O Philomela fair, O take some gladness,
That here is juster cause of plaintful sadness:
Thine earth now springs, mine fadeth;
Thy thorn without, my thorn my heart invadeth (9-12, 21-24)

Apparently it does not matter to Sidney that this comparison trivializes Philomela’s sexual trauma, subjecting it to another appropriative violence!


Philomela: raped, tongueless, burst veins, broken bones, thorn in her side, dead. This is the hypertextual anatomy of Salve Deus’ wounded warbler: each injury marks a different part of her body, her literary identity, her symbolism. As a victim of sexual, devotional, tragic, and incidental violence, Philomela came to Aemilia Lanyer with her bones already broken and her breast already pierced.

Even if Lanyer had not read all of the poems that I have surveyed here, she was almost certainly aware of the classical, Christian, and romantic instantiations of the nightingale when she wrote her into Salve Deus Rex Judaeorum. How did she become aware of them? I wish I could answer that question! What I can do is suggest how Lanyer modified the nightingale tradition to suit her needs and objectives in Salve Deus.

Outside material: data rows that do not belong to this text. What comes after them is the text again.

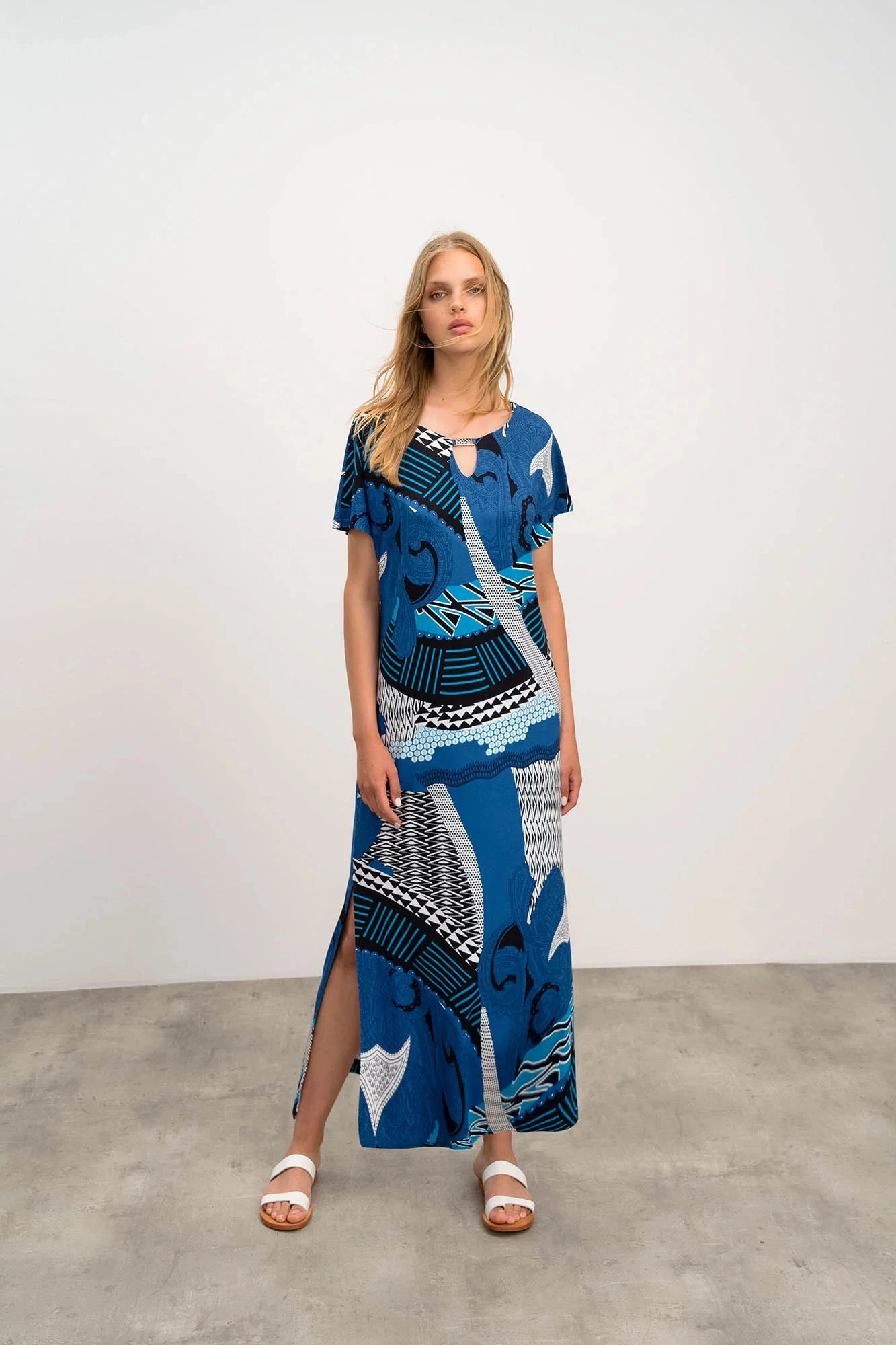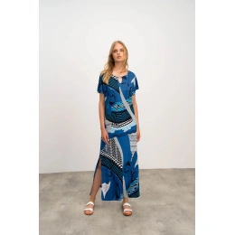 Elegantní dlouhé vzorované dámské šaty s krátkýnm rukávem, kulatým výstřihem a ozdobnou sponou, vše co žena v parných letních dnech potřebuje. Šaty jsou vyrobené z kvalitní jersey viskózy s příměsí elastanu. Jersey Viscoza se vyznačuje vysokou savostí, je dobře prodyšná, měkká a příjemná na dotek a elastan zaručuje lepší pružnost tkaniny.
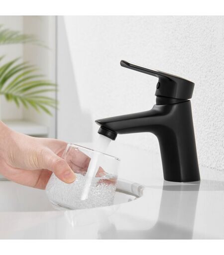 Auralum - Robinet de Lavabo Monotrou avec Barboteur Démontable Mitigeur Noir en Laiton pour Vasque/Lave-mains
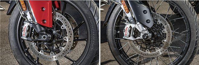 전륜에는 100mm 폭의 19인치를, 후륜에는 150mm 폭의 17인치 휠을 조합했다. 배기량에 딱 맞는 과장되지 않은 폭의 타이어가 경쾌한 핸들링을 만든다. 지난봄, 아프리카 모로코에서 타이거900GT를 탔을 때는 그 하체에 착착 붙는 날렵한 코너링 성능에 감탄했다. 하지만 어쩐지 오늘은 그보다는 좀 둔하게 느껴진다. 특히 중심에서 바이크를 기울이기 시작할 때 한박자 늦게 따라오는 느낌이 살짝 거슬렸다. 그 원인은 다름 아닌 거대한 박스들, 그중에서도 탑케이스의 영향이 컸다. 탑케이스 하나만 떼어내도 본연의 날카로운 코너링 감각이 살아난다. 가볍게 샥샥 방향을 바꿔나가는 느낌이 스포츠 바이크 못지않다. 사이드 케이스가 전체 무게는 더 나가지만 무게중심이 잘 잡혀서인지 의외로 코너링에는 영향이 적었다. 만약 가벼운 짐만 챙겨서 와인딩 로드를 포함하는 투어를 간다면 탑케이스는 집에 두고 가는 것을 추천한다. 주행의 재미를 확실히 더해 줄 것이다. 이번 테스트에서 두 대를 번갈아가며 비교하니 랠리와 GT의 미묘한 차이점이 더욱 도드라진다. 특히 브레이크 세팅이 흥미로웠다. 같은 디스크와 캘리퍼를 장착했지만 GT쪽이 훨씬 잘 듣는다. 아마도 둘의 휠 사이즈가 다른 것과 서스펜션 세팅의 영향도 미쳤겠지만 이 정도 차이라면 세팅의 차이도 있는 것으로 보인다. 브렘보 스티레마 캘리퍼의 성능을 제대로 활용하는 건 역시 GT쪽이다. 레버를 터치하는 순간부터 바이크가 멈출 때까지 탄탄하고 확실한 제동성능을 보여준다. 랠리는 GT보다 초기 응답이 무르고 제동력 상승이 완만하다. 오프로드 컨트롤을 고려한 세팅이다. 같은 파츠를 쓰더라도 각 모델의 성격에 맞게 설정된다. 또한 포지션에서도 차이가 났다. 차체를 기준으로 보면 GT의 풋패그는 살짝 앞쪽 위로 올라와 있고 핸들바는 뒤로 살짝 옮겨져 있다. 이게 실제로 풋패그를 밟고 타는 라이더 입장에서 보면 시트는 뒤쪽 아래로 옮겨지고 핸들바 위치는 몸에 가까워진다. GT를 탔을 때 더 편하고 바이크가 작아진 것처럼 느껴지는 이유다.

Lanyer’s Philomela is associated with the poet, like Sidney’s. Like Pecham’s, she is also paired with a Passion meditation, the long poem that gives Salve Deus its title. Like Marie de France’s nightingale, she dies in testimony to transgression and romantic violation. Lanyer’s Philomela also differs from these earlier nightingale prototypes: her song is the poet’s voice; she has broken wings instead of a bleeding breast; her death may cause or indicate environmental crisis at the end of Salve Deus. The crisis as consequence of Lanyer’s own transgressive kiss (stolen from the tree and her patroness) situates Philomela, doubly, in the ecosystem of Cooke-ham and in the interlinking symbolism of Salve Deus.

Does Lanyer’s Philomela have an Ovidian metamorphosis? Her death leaves little hope for resurrection. Her association with the image of Christ on the cross in Lanyer’s Passion meditation, as in Pecham’s Philomena Praevia, entangles the nightingale’s suffering in a Christian ontology of redemption, but I think that Philomela’s literary history poses its own resistance to that idea of redemptive suffering. When Lanyer bewails “Unconstant Fortune” to close her book’s first nightingale chiasmus, she refuses to condone the cause of her misfortune in silence. Unlike Ovid’s Philomela, Lanyer retains her tongue. When she kills off her nightingale (and the rest of the ecosystem) at the end of “Cooke-ham,” Lanyer punctuates her own exit from poetry without ever puncturing Philomela’s breast: “Drownd in dead sleepe,” perhaps the nightingale “can procure no pittie” because she actually, for once, does not suffer in death. In Salve Deus, Philomela’s metamorphosis has already happened, because Lanyer does not allow her nightingale to suffer anymore.

But we cannot read Philomela without reading her literary history. She is a hyperlink. Using the language of digital humanities to trace her literary history hypertextually, we pass from ancient to medieval to early modern periods easily, finding modifications or metamorphoses of the Philomela myth that link from text to text to text.